Since then, discussions about the nature of inflation have been unclear. As the prices of food, fertilizers, and energy increased in 2022, inflation fighters insisted that the situation required interest rates hikes to reverse the effects of the monetary policy applied during the pandemic. While the IMF argued initially in a report that inflation was a temporary phenomenon, in late 2021 it started arguing that it was possibly more than temporary and warned against permanent and unfunded fiscal packages. Economists have not agreed yet on the relative contributions of supply and demand factors in the current inflation surge. This has caused significant policy confusion. In 2022, the IMF Managing Director doubted the world faced a runaway inflation threat. There were similar statements by, for example, the Bank of England Chief Economist.

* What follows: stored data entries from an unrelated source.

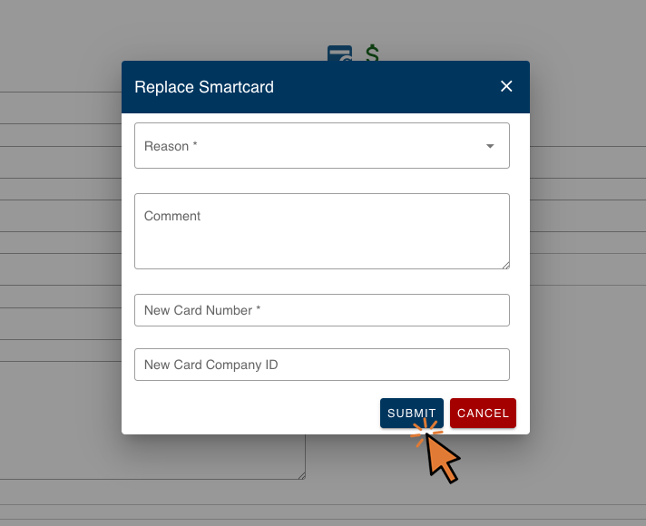 - Select the Replace button to substitute the current smartcard number with the new smartcard number.
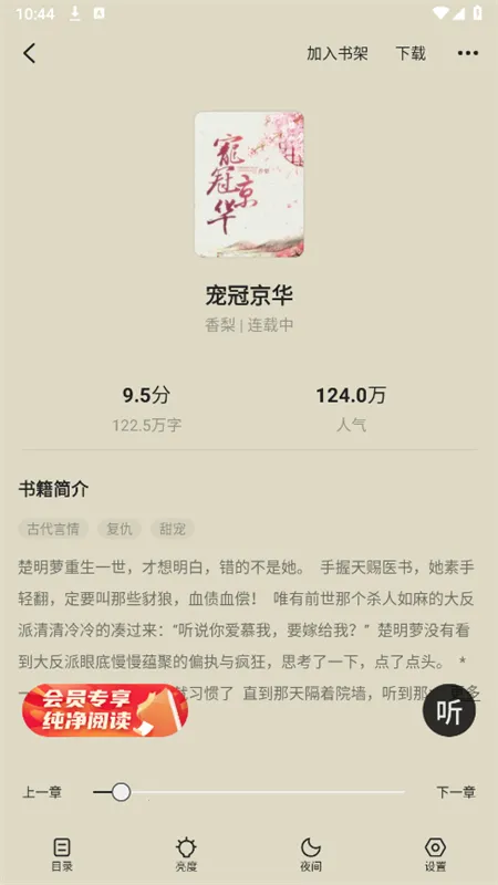 4. 阅读界面简洁舒适:整体设计注重简洁性与舒适度,提供友好的视觉体验与操作流畅感,长时间阅读也不会感到疲惫,尽享惬意阅读时光。
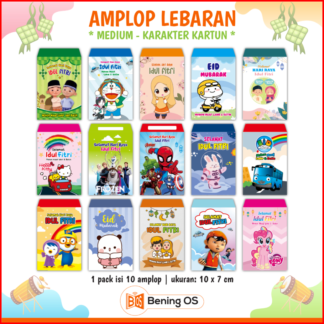 Isi 10 Pcs Amplop Lebaran Angpao - Medium Kartun
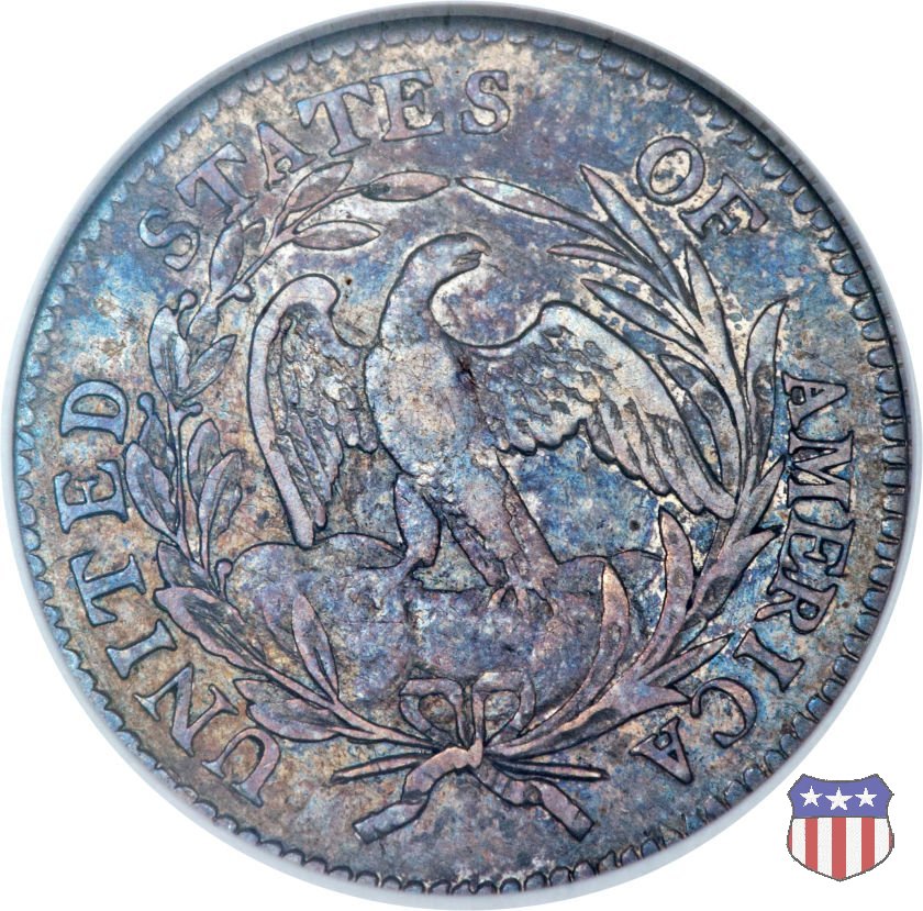 | Per la prima moneta da un dime, 10 centesimi di dollaro, Robert Scot, incisore-capo della Zecca di Philadelphia, utilizzò gli stessi disegni delle altre monete d'argento da lui create: disegni che, probabilmente, erano opera di Gilbert Stuart. Lady Liberty è una formosa matrona, dai lunghi capelli arricciati appena contenuti dal nastro e dal fiocco, mentre l'aquila al rovescio ha ben poco di naturale, e anche di maestoso, tanto che sarà presto sostituita dal modello araldico. | ||||||||
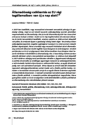 Losoncz, Miklós and Tóth, G. Csaba (2020) Államadósság-csökkentés az EU régi tagállamaiban: van új a nap alatt? HITELINTÉZETI SZEMLE / FINANCIAL AND ECONOMIC REVIEW, 19 (2). pp. 28-54. ISSN 1588-6883
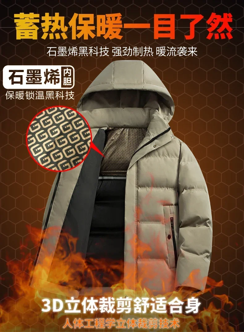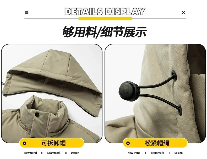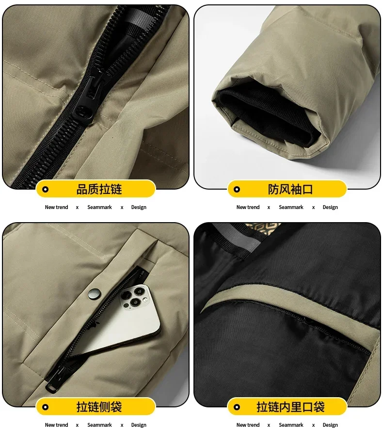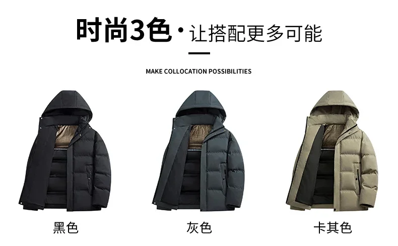 Parka décontractée à capuche pour hommes d'affaires, vêtements d'extérieur imperméables, chaud, sourire, veste en coton épais, extérieur, coupe-vent, hiver
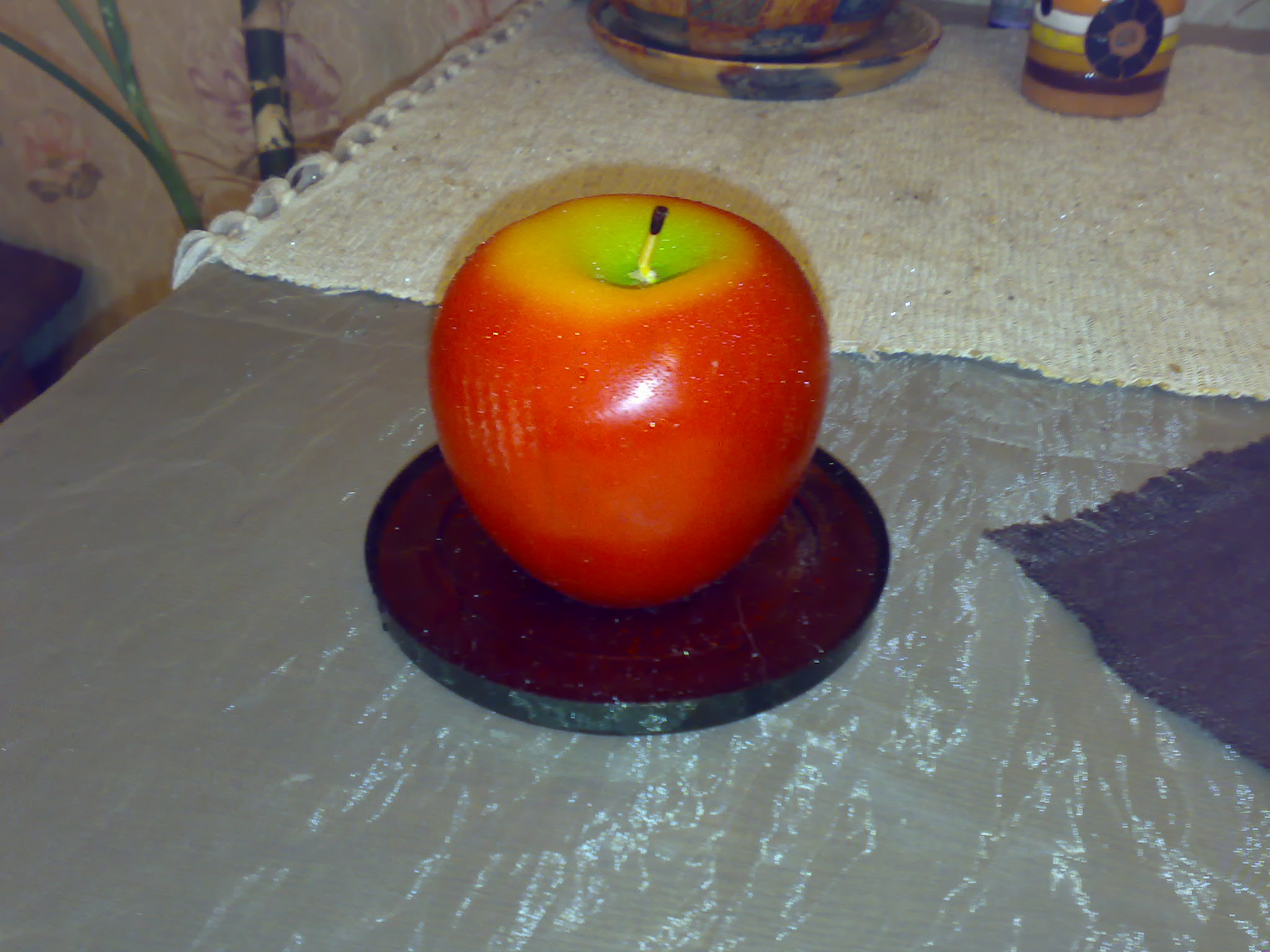 Если описать работу вспышки общими словами, то получится примерно следующая картина. HTC X7500 – определение вспышки к аппарату как таковое не применимо. Это банальный мощный источник света (фонарь), который освещает максимально возможную площадь. Canon PowerShot A510 – эталон среди тестируемых образцов. Вспышка хорошо выделяет объекты фотографии на темном фоне. Это придает фотографии объем. Вспышка довольно мощная, но при этом не слепит. Sony Ericsson K800 – самая безликая вспышка. Фотографии теряют четкость, при этом видимости работы вспышки практически нет. В K800 при активной вспышке появляется самое большое количество шумов и артефактов. Nokia N73 – смартфон с активной вспышкой странно «увел» все фотографии в синюю гамму. Если не брать в расчет эту особенность, то N73 наиболее близок к цифровому фотоаппарату. Остановимся на фотографии яблока.

Despite this, we have witnessed a tough anti-inflationary policy stance. For example, the Chief Economists of the IMF and Bank of International Settlements, as well as the Chair of the US Fed, urged policy makers to take measures to tame inflation by increasing interest rates. Officials from the Bank of International Settlements and the European Central Bank acted the same way. In all cases, statements were a mix of arguments about the causes of inflation (a mix of supply and demand) but the policy prescription was to increase interest rates.

By June 2022, over 80 central banks had raised interest rates. The problem is that this policy prescription might not be the right tool. This prescription might be valid in case inflation was caused by excess demand, that is, demand outstripping the potential of the economy. This requires cooling it down by suppressing consumption and investment. This is the basis of the inflation targeting model that guides the economic policy model of many central banks. Outside this, one has to ask if interest rate increases will lower the price of onions in the Philippines, which in reality is the result of an inefficient distribution system, and not of the fact that the demand for onions suddenly shot up. Moreover, increases in interest rates sooner or later end up affecting investment and slowing down the economy. Interest rate increases the cost of borrowing, which also sooner or later borrowing firms pass on to consumer prices, thus compounding the problem.

Developing countries have been the victims of decisions made by the central banks of advanced economies when these started increasing interest rates. It was difficult for the central banks of developing countries not to follow suit to presumably avoid massive capital outflows and currency depreciation. The Bangko Sentral ng Pilipinas (BSP) raised the policy interest rate seven times in 2022, from 2% in March to 5.5% in December, and two times in 2023, up to 6.25% currently. I celebrate the monetary board’s decision in May to pause rate hikes after careful consideration of the country’s recent economic performance.

To tame inflation, the Philippine government ought to focus efforts on increasing productivity growth and addressing regulatory issues in the agricultural sector, particularly traders and middlemen who exhibit monopolistic behavior and increase their profit margins. This should have been combined with fiscal policy measures to support low-income families, and monitor how firms increase their markups. Although inflation has been slowing since March, the reversal of high markups by traders due to congressional pressure and the continued normalization of the agricultural market distribution system deserves more credit for the reduction in the inflation rate than the interest rate increases over the past year. This is evidenced by the significant drop in prices of food and non-alcoholic beverages.


Jesus Felipe is a distinguished professor of Economics and director of the Angelo King Institute, De La Salle University.